Acquirer: Joint Venture between T-Mobile & KKR

Target: Metronet

Total Transaction Size: $4.9 billion

Closed Date: Expected in 2025

Target Advisors: Citigroup (T-Mobile), Barclays, Morgan Stanley (KKR)

Acquirer Advisors: Bank Street Group, TD Securities


In a landmark deal that underscores the growing importance of broadband connectivity in the digital age, T-Mobile and global investment firm KKR have announced the formation of a joint venture to acquire Metronet, a leading independent fiber-to-the-home (FTTH) operator in the United States. The transaction, valued at approximately $4.9 billion, represents a strategic expansion for T-Mobile into the fiber broadband market, complementing its already robust 5G Home Internet offering.
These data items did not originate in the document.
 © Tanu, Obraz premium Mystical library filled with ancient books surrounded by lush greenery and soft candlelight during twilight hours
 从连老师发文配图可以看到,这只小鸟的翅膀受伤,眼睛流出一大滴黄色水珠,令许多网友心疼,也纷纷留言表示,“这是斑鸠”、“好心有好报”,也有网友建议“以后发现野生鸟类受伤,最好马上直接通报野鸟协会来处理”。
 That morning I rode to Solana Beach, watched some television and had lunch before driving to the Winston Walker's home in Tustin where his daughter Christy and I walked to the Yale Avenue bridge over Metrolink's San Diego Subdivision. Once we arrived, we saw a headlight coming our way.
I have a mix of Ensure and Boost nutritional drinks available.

The joint venture will see T-Mobile taking on full responsibility for Metronet’s residential fiber retail operations and its customer base, which currently includes over 2 million households across 17 states. T-Mobile’s CEO, Mike Sievert, emphasized the significance of this acquisition, stating, "This is a unique opportunity and a smart, capital-efficient deal that enables T-Mobile to profitably build on our success in broadband and provide fast, affordable, and reliable connectivity options to millions more customers nationwide as a complement to our wireless growth strategy."
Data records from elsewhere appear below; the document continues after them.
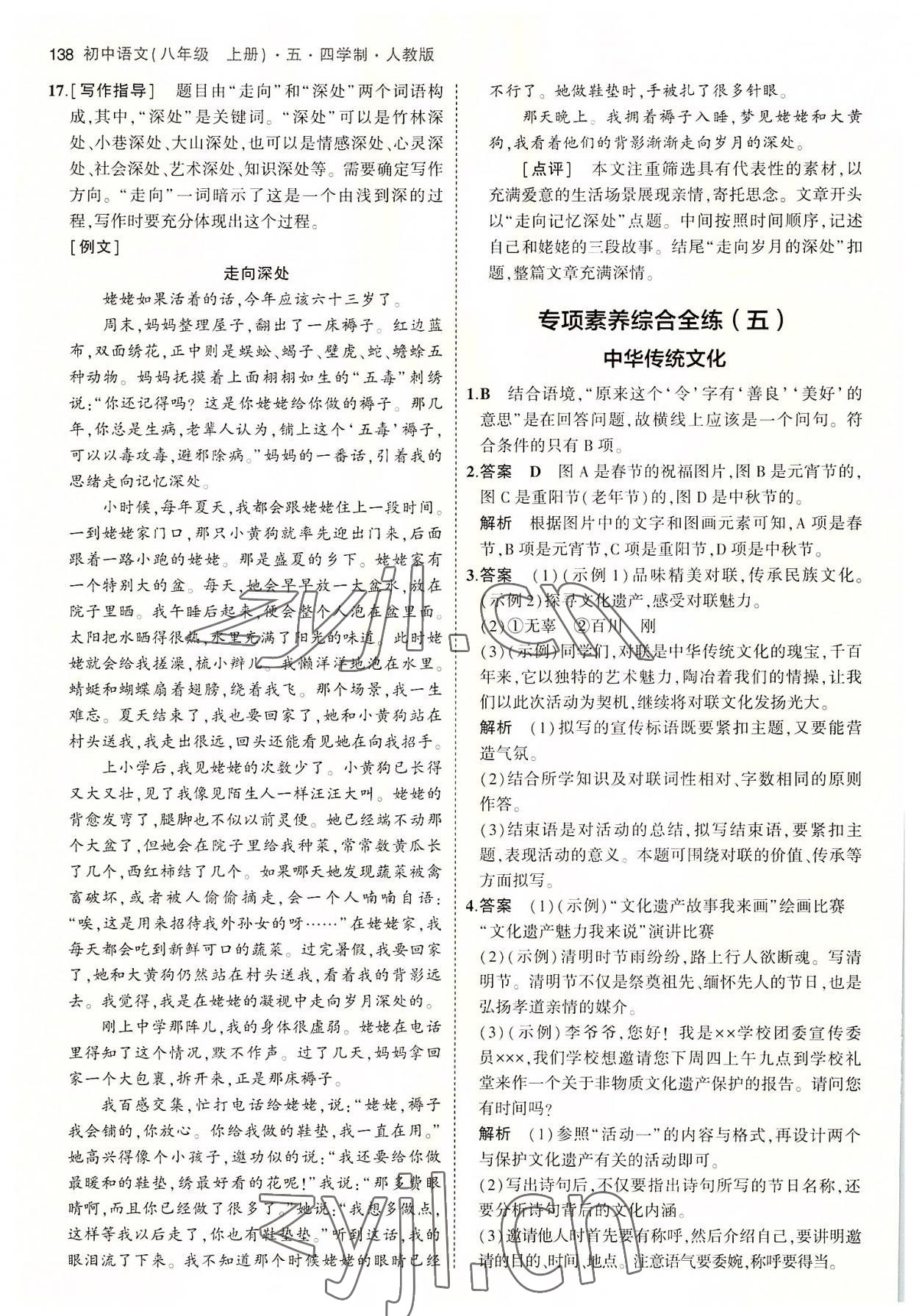 注:目前有些书本章节名称可能整理的还不是很完善,但都是按照顺序排列的,请同学们按照顺序仔细查找。练习册 2022年5年中考3年模拟初中语文八年级上册人教版五四制 答案主要是用来给同学们做完题方便对答案用的,请勿直接抄袭。
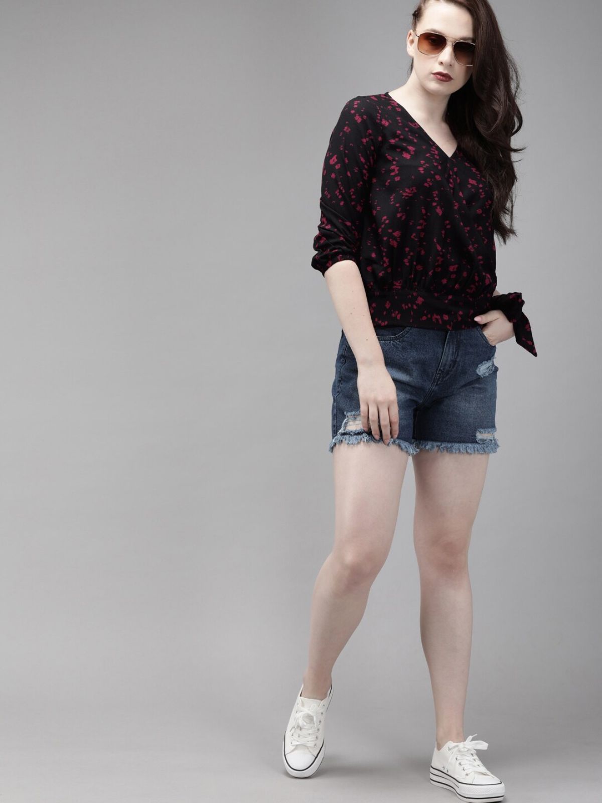 *Check the latest price and availability on the official store.Roadster Women Black Abstract Printed Waist Tie-Up Knitted Wrap Top
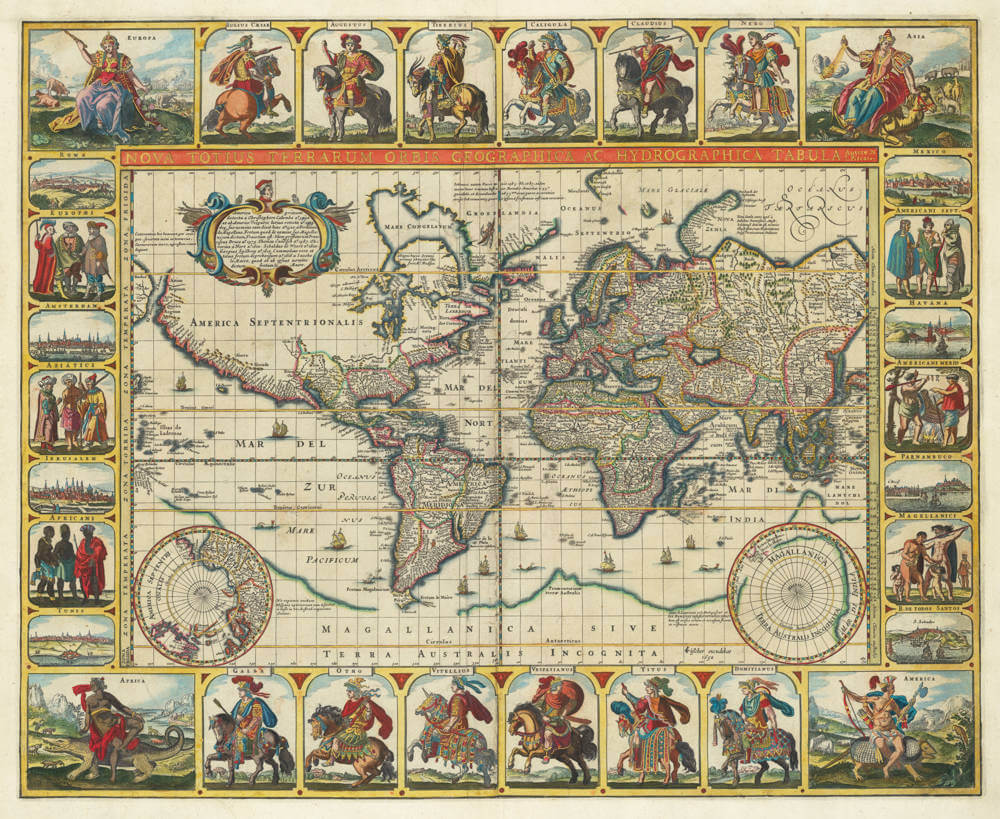 The map is only one of nine Dutch single-sheet world maps with decorated borders that were published in the 17th Century.
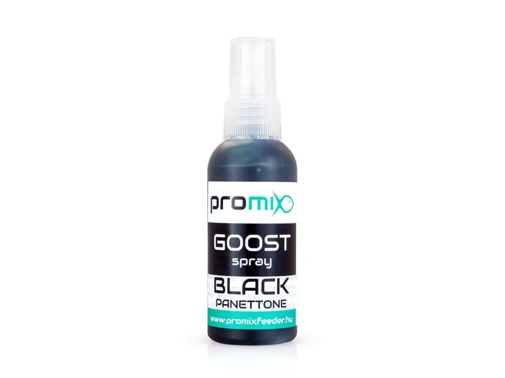 Promix Goost Spray Black 60g - Po úspechu sprejov Turbo sa hlásime s novým, ktorý dostal pomenovanie GOOST. Tento sprej je oproti tradičným arómam a farebným sprejom obrovský krok vpred. Počas jeho výroby sme použili neodolateľné arómy a výnimočne koncentrované farby. Tie sme použili na sprejový základ, ktorý sa rozpúšťa výbušne, vďaka čomu sa nikdy neminie účinku.Nasprejovaním na naplnený košík začne po prieniku do vody okázalo pracovať už na hladine. Až po dosiahnutie dna za sebou košík zanecháva intenzívny pás farby a arómy v celom vodnom stĺpci. To je dokonalý kompas pre ryby ku košíku a v ňom ponúkaným nástrahám. Pokračuje v rozpúšťaní aj na dne a vytvára okolo košíka výrazný oblak arómy a farby, ktorým dráždi ryby ku kŕmeniu.

Acquirer Details - T-Mobile


T-Mobile, a major player in the U.S. telecommunications industry, has consistently been at the forefront of innovation in mobile and broadband services. Known as the “Un-carrier,” T-Mobile has revolutionized the industry with its customer-centric approach, aggressive pricing strategies, and rapid deployment of 5G technology. The company’s leadership in 5G has not only bolstered its position in the wireless market but also enabled it to expand into fixed wireless broadband services, offering high-speed internet to millions of households nationwide.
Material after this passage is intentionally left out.